*** Opening Task inputs ***
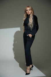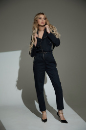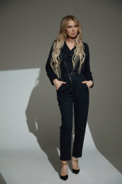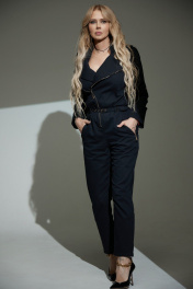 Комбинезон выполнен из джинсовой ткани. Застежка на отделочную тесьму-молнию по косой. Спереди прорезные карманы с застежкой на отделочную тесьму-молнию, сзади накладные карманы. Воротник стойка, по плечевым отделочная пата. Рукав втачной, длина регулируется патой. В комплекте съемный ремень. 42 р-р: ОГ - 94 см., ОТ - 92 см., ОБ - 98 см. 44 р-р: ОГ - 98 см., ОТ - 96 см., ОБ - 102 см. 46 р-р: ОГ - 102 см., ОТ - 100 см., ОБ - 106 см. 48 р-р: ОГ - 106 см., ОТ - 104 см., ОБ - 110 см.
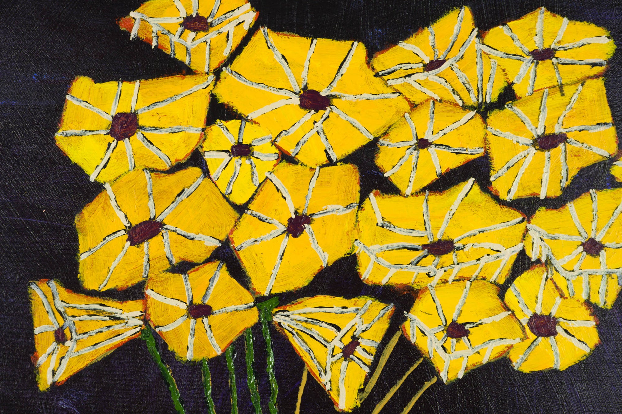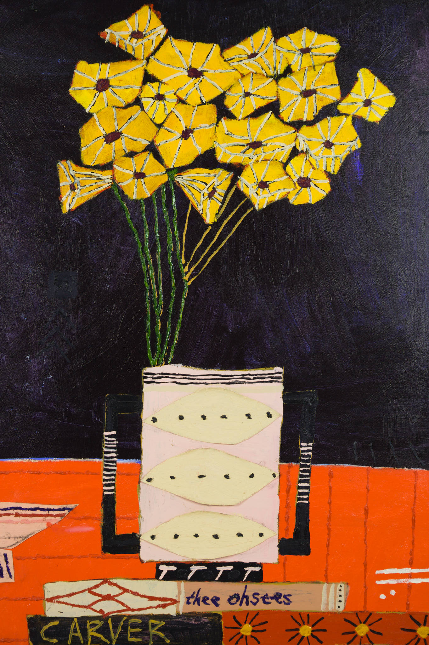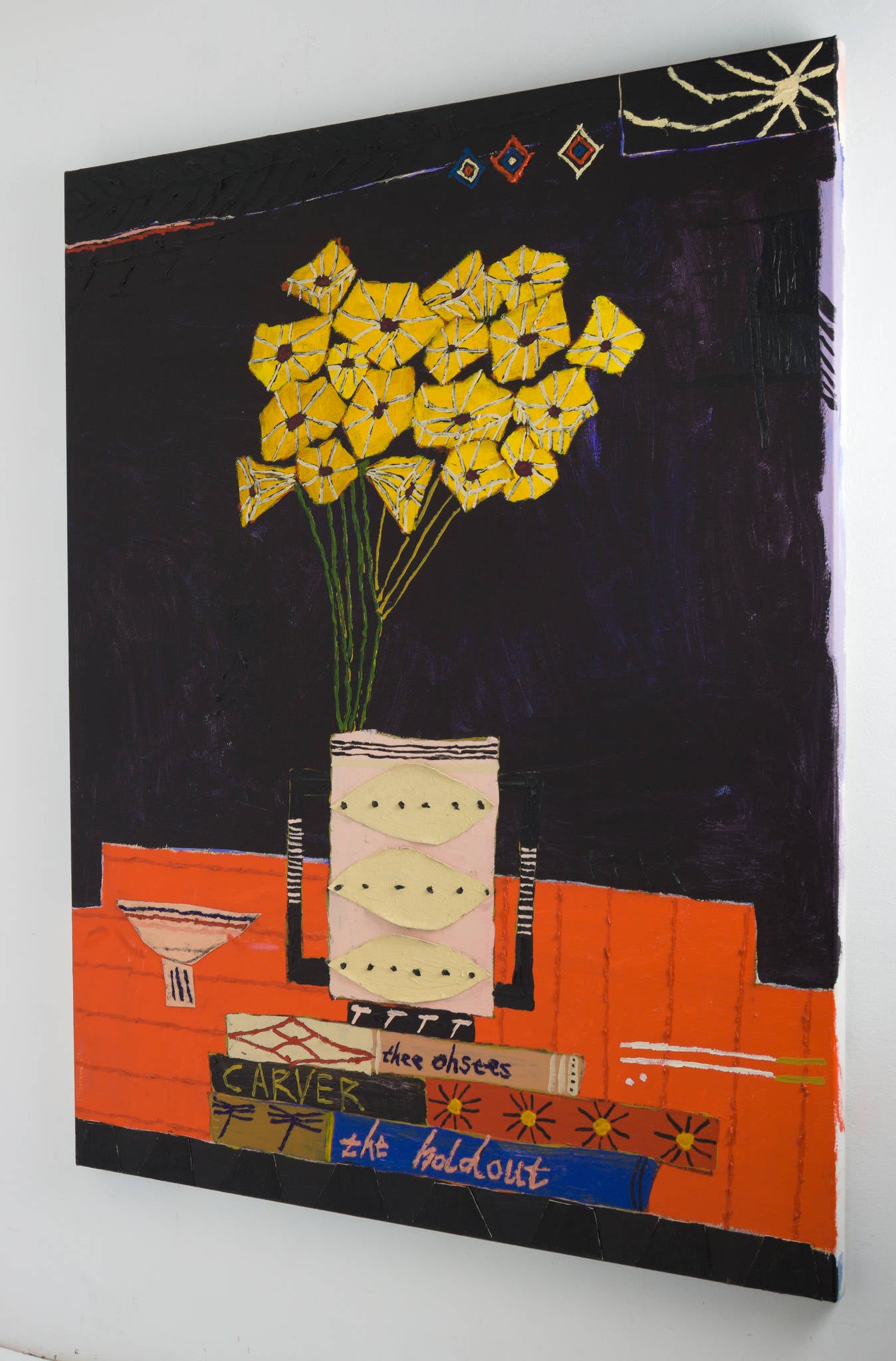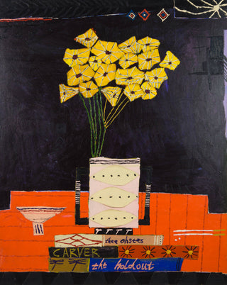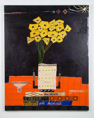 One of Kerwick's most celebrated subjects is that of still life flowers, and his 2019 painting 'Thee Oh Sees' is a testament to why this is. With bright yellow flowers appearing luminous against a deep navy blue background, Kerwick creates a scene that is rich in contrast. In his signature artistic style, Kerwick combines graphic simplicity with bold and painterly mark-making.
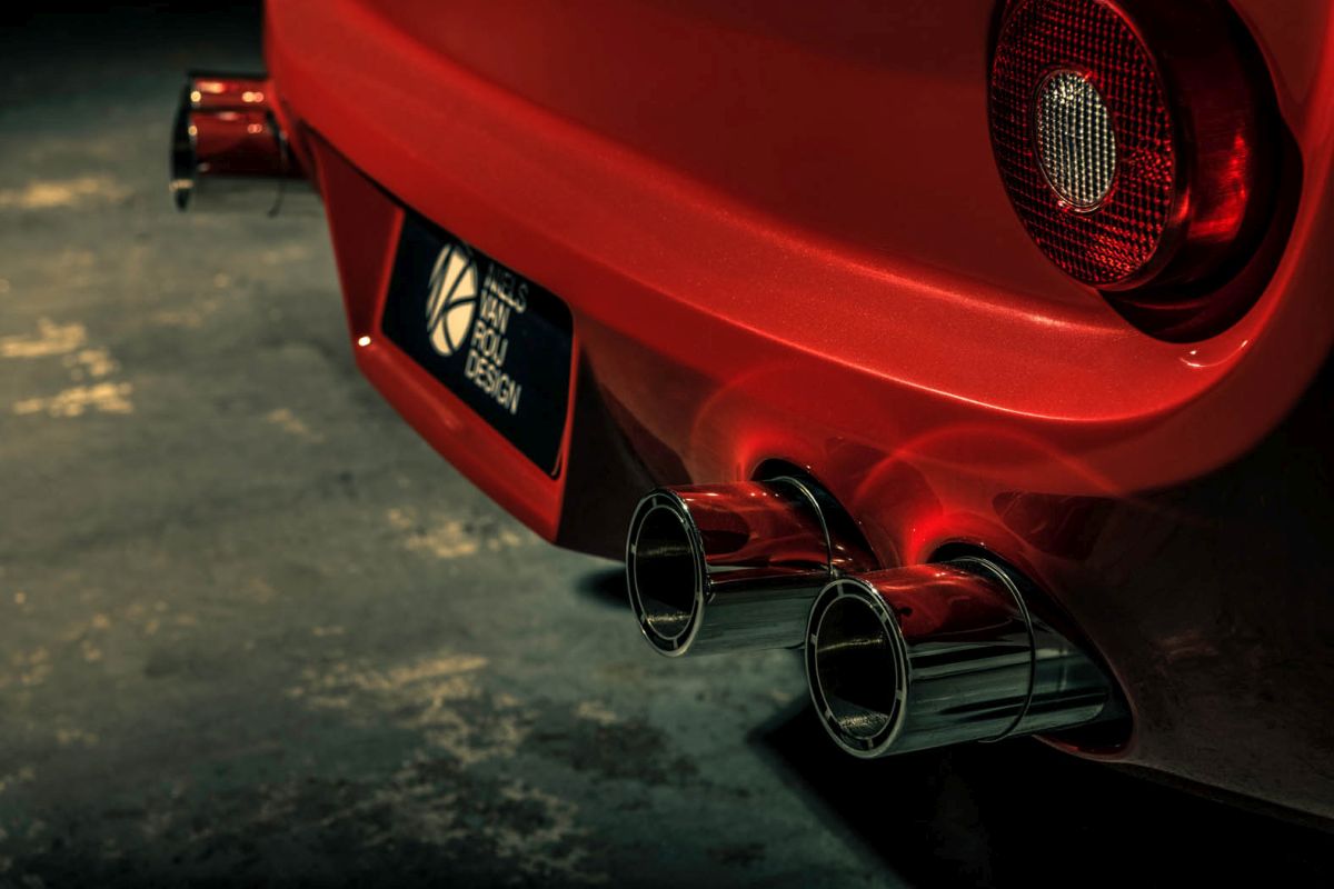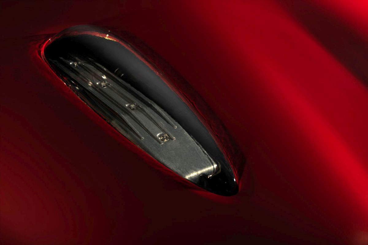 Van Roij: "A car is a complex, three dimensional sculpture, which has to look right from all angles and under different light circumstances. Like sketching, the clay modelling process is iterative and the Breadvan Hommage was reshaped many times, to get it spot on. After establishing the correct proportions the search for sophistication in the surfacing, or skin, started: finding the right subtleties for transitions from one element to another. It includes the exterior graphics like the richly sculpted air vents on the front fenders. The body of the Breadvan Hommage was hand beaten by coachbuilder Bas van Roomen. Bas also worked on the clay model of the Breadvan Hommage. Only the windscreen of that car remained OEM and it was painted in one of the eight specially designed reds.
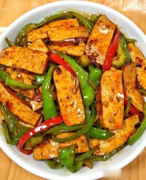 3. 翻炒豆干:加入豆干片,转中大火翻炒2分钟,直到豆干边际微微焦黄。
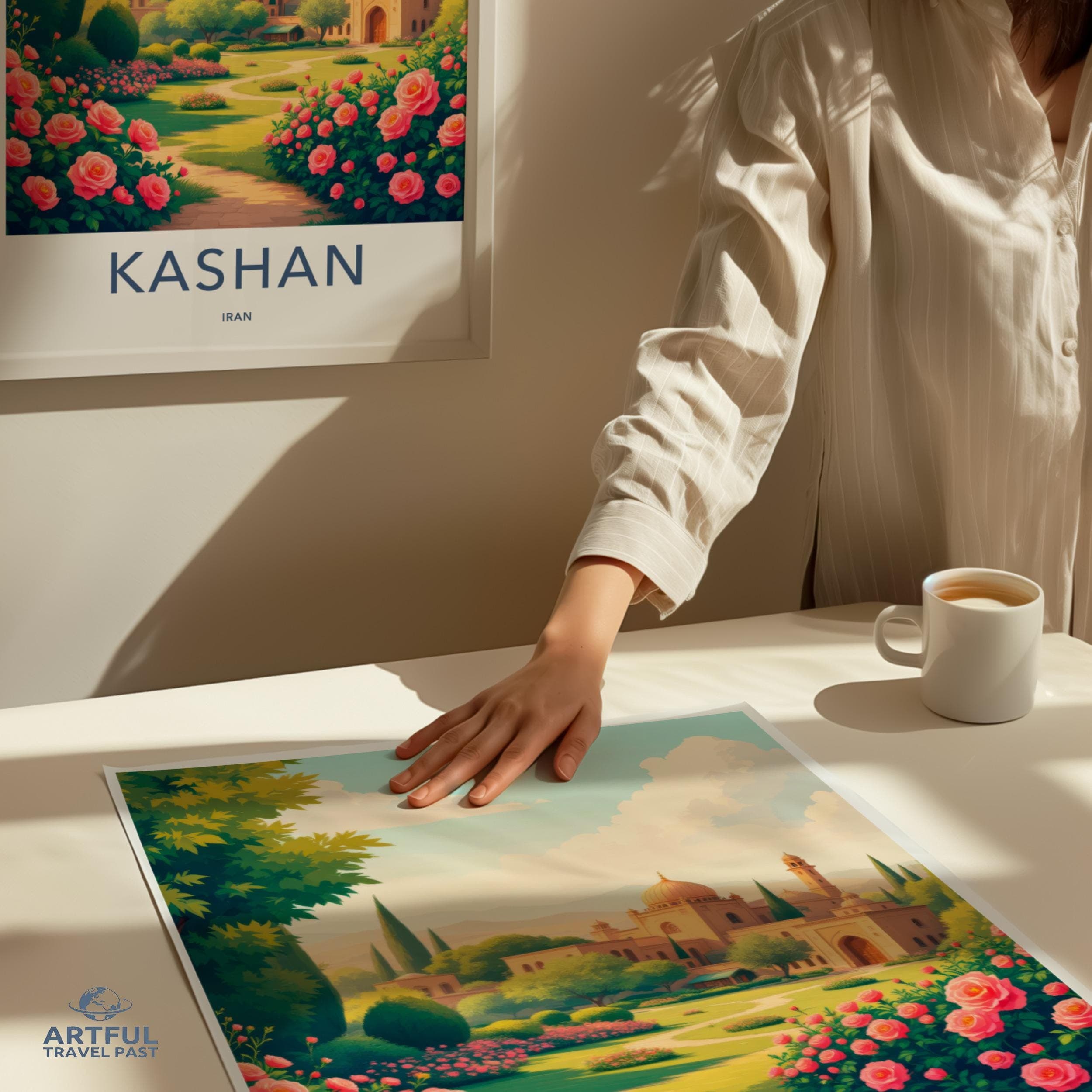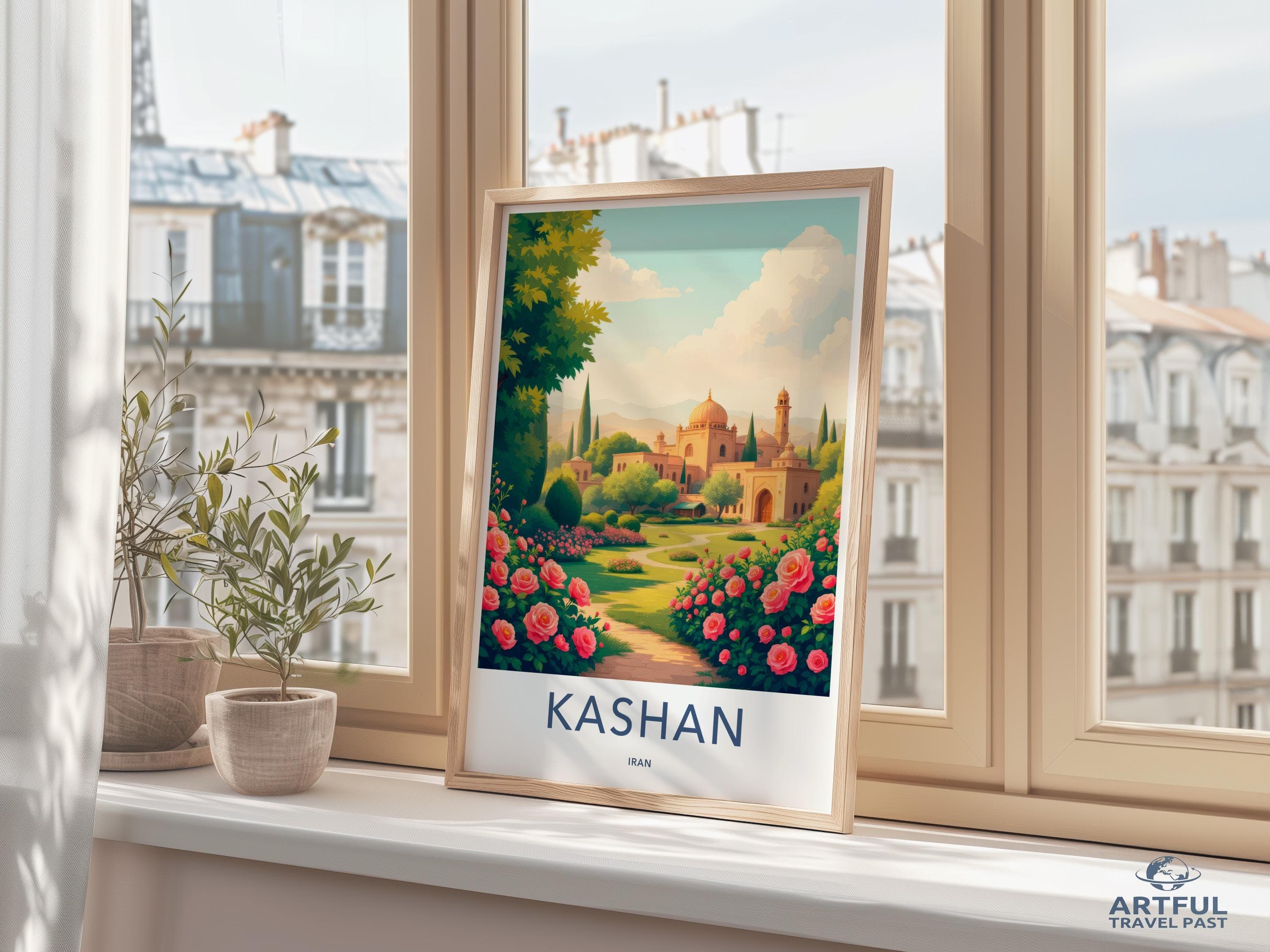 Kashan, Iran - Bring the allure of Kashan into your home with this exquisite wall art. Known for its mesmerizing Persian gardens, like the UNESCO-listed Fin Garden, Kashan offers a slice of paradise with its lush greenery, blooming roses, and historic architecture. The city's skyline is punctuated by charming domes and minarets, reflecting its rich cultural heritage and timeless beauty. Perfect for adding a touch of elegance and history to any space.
*** Closing Task inputs ***
All lines from the one containing "specially designed reds." through the final line of the records are to be retyped exactly; no other lines and no pictures are to be included.

Task answer:
 Van Roij: "A car is a complex, three dimensional sculpture, which has to look right from all angles and under different light circumstances. Like sketching, the clay modelling process is iterative and the Breadvan Hommage was reshaped many times, to get it spot on. After establishing the correct proportions the search for sophistication in the surfacing, or skin, started: finding the right subtleties for transitions from one element to another. It includes the exterior graphics like the richly sculpted air vents on the front fenders. The body of the Breadvan Hommage was hand beaten by coachbuilder Bas van Roomen. Bas also worked on the clay model of the Breadvan Hommage. Only the windscreen of that car remained OEM and it was painted in one of the eight specially designed reds.
 3. 翻炒豆干:加入豆干片,转中大火翻炒2分钟,直到豆干边际微微焦黄。
 Kashan, Iran - Bring the allure of Kashan into your home with this exquisite wall art. Known for its mesmerizing Persian gardens, like the UNESCO-listed Fin Garden, Kashan offers a slice of paradise with its lush greenery, blooming roses, and historic architecture. The city's skyline is punctuated by charming domes and minarets, reflecting its rich cultural heritage and timeless beauty. Perfect for adding a touch of elegance and history to any space.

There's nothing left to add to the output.